Problem description:
Everything from the line with "Полученные расстояния должны" to the last line of the listing must be retyped exactly, both ends included, with the pictures dropped.

Information provided:

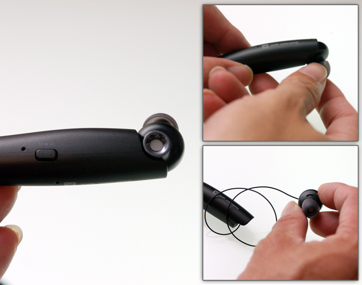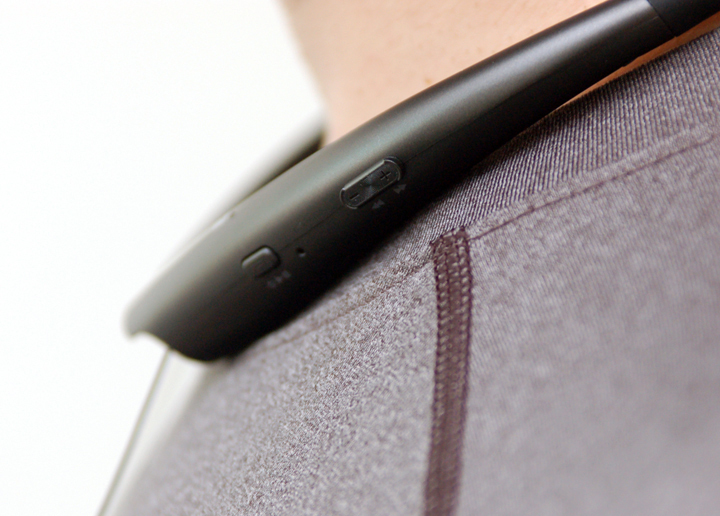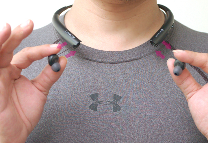 ▲ 伸縮式的耳機線設計好處,就是要聆聽前只需要以手拉出耳機單體,暫時不想聽時,可以將耳機單體收回頸圈的優勢,可避免耳機懸掛及纏繞。
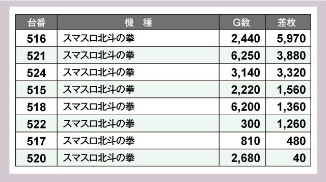 パチスロで好調だったのは『スマスロ北斗の拳』。516番台が+5,000枚オーバー、521番台と524番台が+3,000枚オーバーと見事な記録を叩き出している。
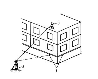 Полученные расстояния должны быть равны расстояниям между соответствующими точками на исходном горизонте. Число точек разбивочной сети, необходимых для передачи на монтажные горизонты, зависит от размеров здания. Однако их всегда должно быть не менее трёх. Перенесенные точки закрепляют знаками и относительно этих знаков строят разбивочную сеть данного горизонта. Построение плановой сети на монтажном горизонте аналогично построению её на исходном горизонте. Высотная сеть на монтажном горизонте создается методом геометрического нивелирования относительно реперов, расположенных на исходном горизонте. При этом используется способ передачи отметки на высокую точку сооружения.
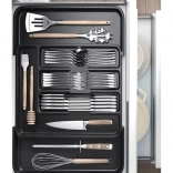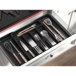 En position de base, il propose 5 compartiments et jusqu’à 7 une fois déployé, vous offrant ainsi plus d’espace pour les couverts et les ustensiles de cuisine. La surface lisse se nettoie d’un coup de chiffon humide – rapidement et de manière hygiénique.

Written answer:
 Полученные расстояния должны быть равны расстояниям между соответствующими точками на исходном горизонте. Число точек разбивочной сети, необходимых для передачи на монтажные горизонты, зависит от размеров здания. Однако их всегда должно быть не менее трёх. Перенесенные точки закрепляют знаками и относительно этих знаков строят разбивочную сеть данного горизонта. Построение плановой сети на монтажном горизонте аналогично построению её на исходном горизонте. Высотная сеть на монтажном горизонте создается методом геометрического нивелирования относительно реперов, расположенных на исходном горизонте. При этом используется способ передачи отметки на высокую точку сооружения.
 En position de base, il propose 5 compartiments et jusqu’à 7 une fois déployé, vous offrant ainsi plus d’espace pour les couverts et les ustensiles de cuisine. La surface lisse se nettoie d’un coup de chiffon humide – rapidement et de manière hygiénique.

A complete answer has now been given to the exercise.